= Beginning of Section =
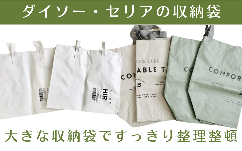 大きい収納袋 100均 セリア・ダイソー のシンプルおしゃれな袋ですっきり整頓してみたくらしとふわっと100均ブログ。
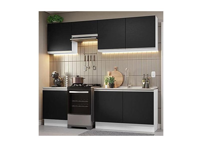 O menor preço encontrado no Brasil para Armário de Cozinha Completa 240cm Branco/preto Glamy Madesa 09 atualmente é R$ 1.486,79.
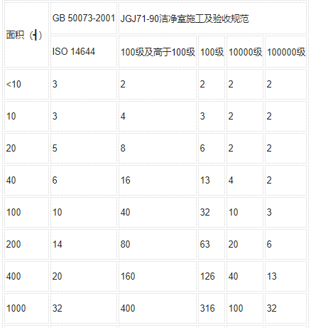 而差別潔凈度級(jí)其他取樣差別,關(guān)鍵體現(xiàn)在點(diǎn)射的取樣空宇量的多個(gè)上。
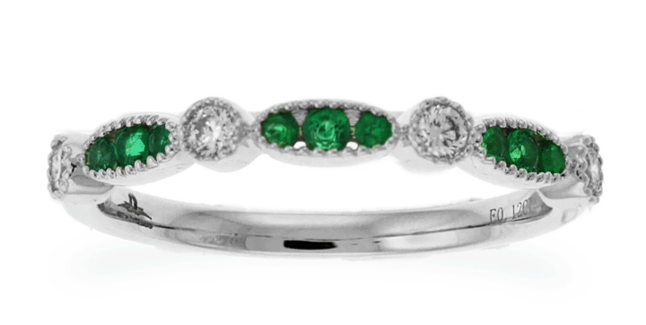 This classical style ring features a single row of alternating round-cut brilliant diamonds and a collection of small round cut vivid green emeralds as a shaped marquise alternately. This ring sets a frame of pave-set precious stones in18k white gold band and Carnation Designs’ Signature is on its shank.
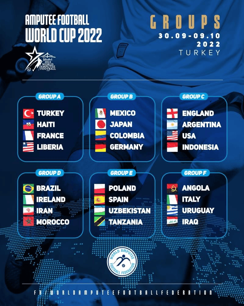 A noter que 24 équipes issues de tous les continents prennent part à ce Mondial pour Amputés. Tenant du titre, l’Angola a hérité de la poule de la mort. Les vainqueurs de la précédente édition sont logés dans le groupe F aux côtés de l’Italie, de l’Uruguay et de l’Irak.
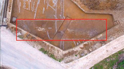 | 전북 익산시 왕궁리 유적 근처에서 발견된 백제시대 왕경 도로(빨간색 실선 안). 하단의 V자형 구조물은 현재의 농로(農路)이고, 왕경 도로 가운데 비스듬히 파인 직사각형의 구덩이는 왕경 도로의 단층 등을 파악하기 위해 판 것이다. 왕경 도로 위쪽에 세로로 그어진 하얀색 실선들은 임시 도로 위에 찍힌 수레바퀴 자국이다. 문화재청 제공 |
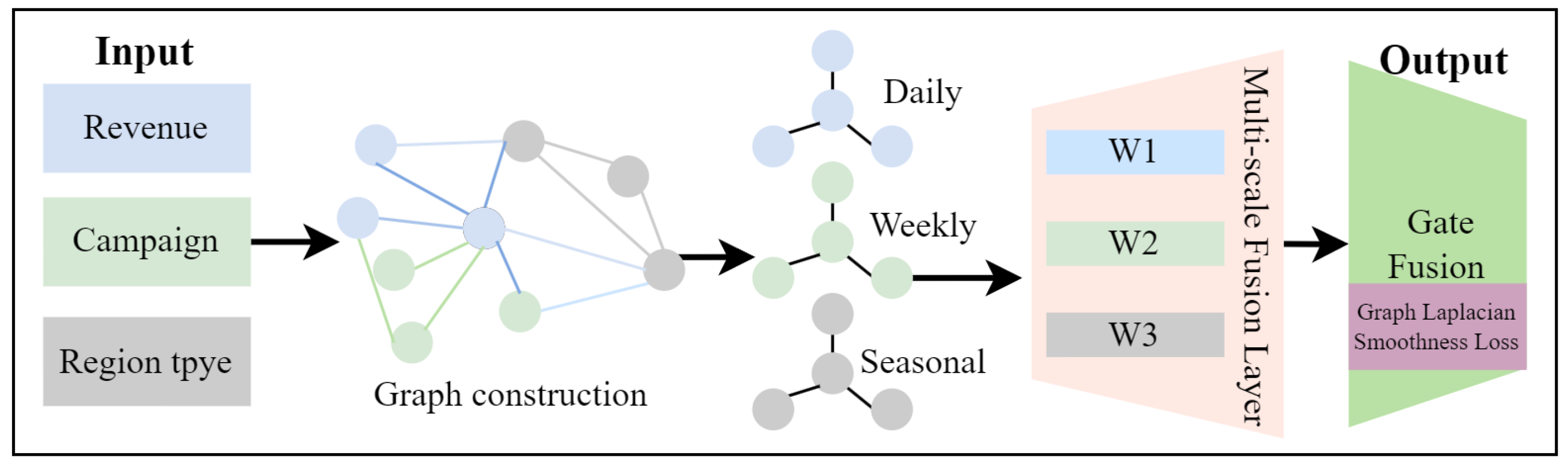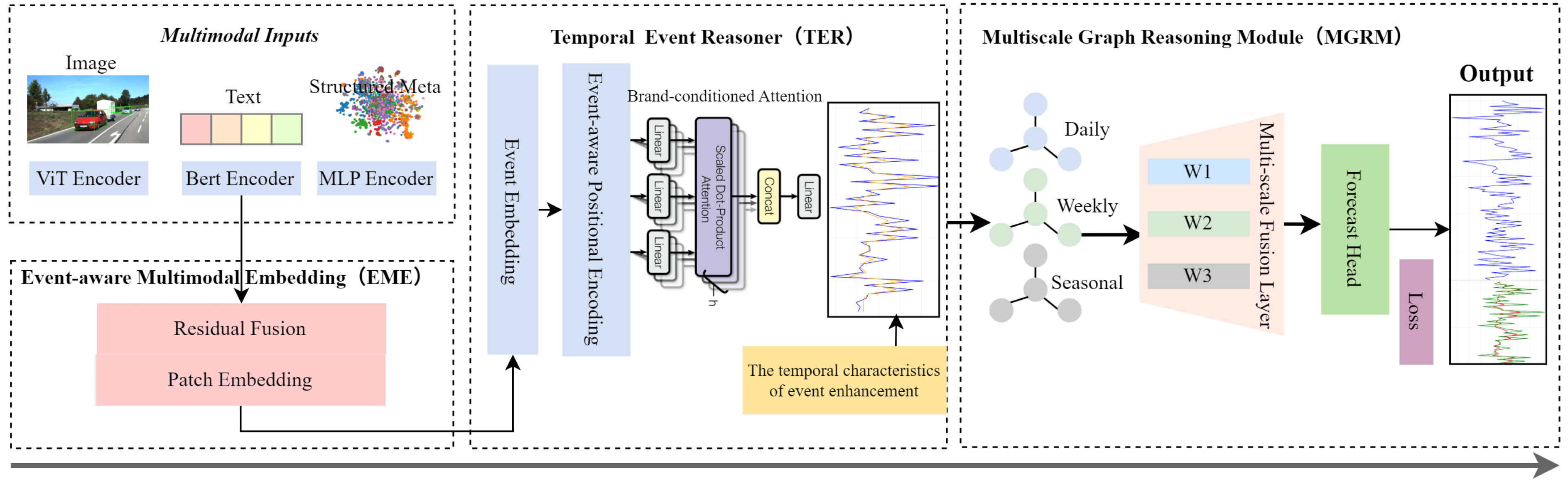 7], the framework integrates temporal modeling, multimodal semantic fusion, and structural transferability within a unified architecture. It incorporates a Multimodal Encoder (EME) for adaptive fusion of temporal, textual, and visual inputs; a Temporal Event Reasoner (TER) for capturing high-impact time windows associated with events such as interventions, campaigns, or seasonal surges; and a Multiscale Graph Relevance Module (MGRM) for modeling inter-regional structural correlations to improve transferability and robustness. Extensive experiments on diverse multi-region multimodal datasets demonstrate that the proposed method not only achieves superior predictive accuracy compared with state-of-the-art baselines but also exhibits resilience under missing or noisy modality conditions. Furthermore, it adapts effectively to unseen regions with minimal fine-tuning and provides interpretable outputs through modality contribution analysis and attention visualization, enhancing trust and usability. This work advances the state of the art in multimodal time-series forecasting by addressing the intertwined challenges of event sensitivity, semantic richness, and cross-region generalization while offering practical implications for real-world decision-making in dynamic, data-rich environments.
= End of Section =
:: Exercise details ::
Only one stretch of the listing is wanted: the lines starting at the one with "而差別潔凈度級(jí)其他取" and ending at the one with "자국이다. 문화재청 제공 |", copied exactly and free of pictures.

:: Response box ::
 而差別潔凈度級(jí)其他取樣差別,關(guān)鍵體現(xiàn)在點(diǎn)射的取樣空宇量的多個(gè)上。
 This classical style ring features a single row of alternating round-cut brilliant diamonds and a collection of small round cut vivid green emeralds as a shaped marquise alternately. This ring sets a frame of pave-set precious stones in18k white gold band and Carnation Designs’ Signature is on its shank.
 A noter que 24 équipes issues de tous les continents prennent part à ce Mondial pour Amputés. Tenant du titre, l’Angola a hérité de la poule de la mort. Les vainqueurs de la précédente édition sont logés dans le groupe F aux côtés de l’Italie, de l’Uruguay et de l’Irak.
 | 전북 익산시 왕궁리 유적 근처에서 발견된 백제시대 왕경 도로(빨간색 실선 안). 하단의 V자형 구조물은 현재의 농로(農路)이고, 왕경 도로 가운데 비스듬히 파인 직사각형의 구덩이는 왕경 도로의 단층 등을 파악하기 위해 판 것이다. 왕경 도로 위쪽에 세로로 그어진 하얀색 실선들은 임시 도로 위에 찍힌 수레바퀴 자국이다. 문화재청 제공 |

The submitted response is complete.